Mast omlaag, kachelpijp omhoog |
Na 2500 kilometer Bergfahrt hebben we zojuist de mast gestreken. Na de sluis bij Regensburg kregen we de eerste brug met een doorgang van minder dan zeveneneenhalve meter, en van hier tot aan Mainz blijft dat zo. Daar staat tegenover dat we de schoorsteenpijp weer hebben opgezet. De dagen en zeker de avonden zijn een stuk koeler; deze week is de verwachting dat we nachttemperaturen van onder nul krijgen, en voor het eind van de week hebben we sneeuw in het vooruitzicht. We begonnen in april met 's ochtends rijp op het dek, we zullen in november met een witte kap eindigen ook. Ertussenin zat een zomer met wekenlang temperaturen van veertig graden en meer.
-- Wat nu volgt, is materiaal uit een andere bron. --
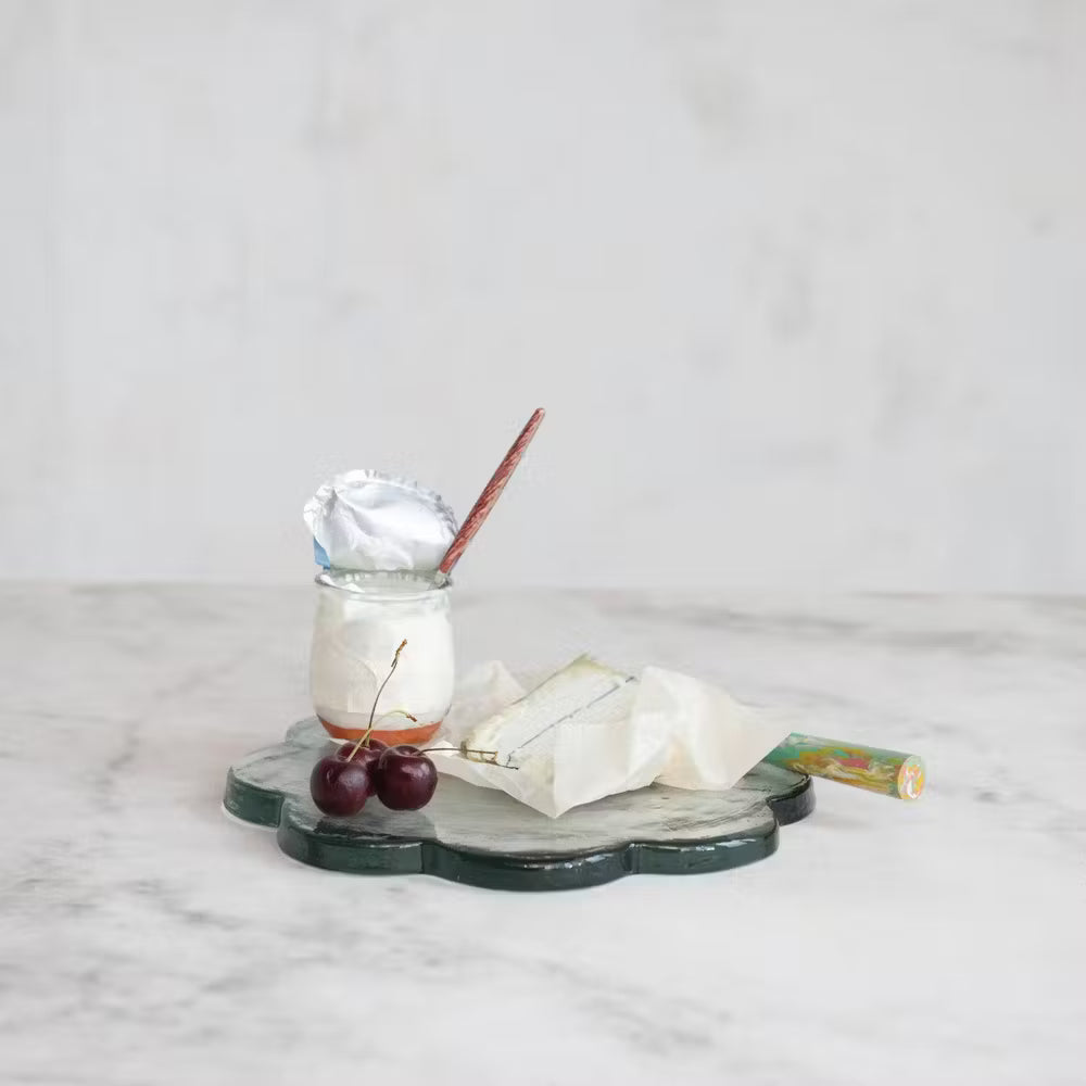 Glass scalloped serving tray perfect for appetizers, snacks or drinks.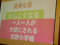 ↑ 私からは、笠野っ子の「真剣な目」についてお話をしました。授業中の笠野っ子の眼差しが素晴らしいのです。

Het voelt alsof we naar de tropen zijn geweest en weer terug.
Wij verlaten een Donau die steeds priller en jeugdiger werd. In Roemenië was zij oud en breed. Nu, bij Kelheim, waar we bij kilometer 2412 het Main-Donaukanaal ingaan, komt de herinnering terug aan onze opwinding toen we op de heenweg eindelijk in de Donau waren. Nu vinden we het een vriendelijk, dun stroompje waar niet veel spannends aan te beleven valt. Een beginnend riviertje, met nog weinig vermoeden van wat er in het verschiet ligt. Wij nemen afscheid van jonge rivier terwijl wij haar oud gezien hebben. Zo gaat onze reis niet alleen tegen de stroom, maar ook tegen de tijd in.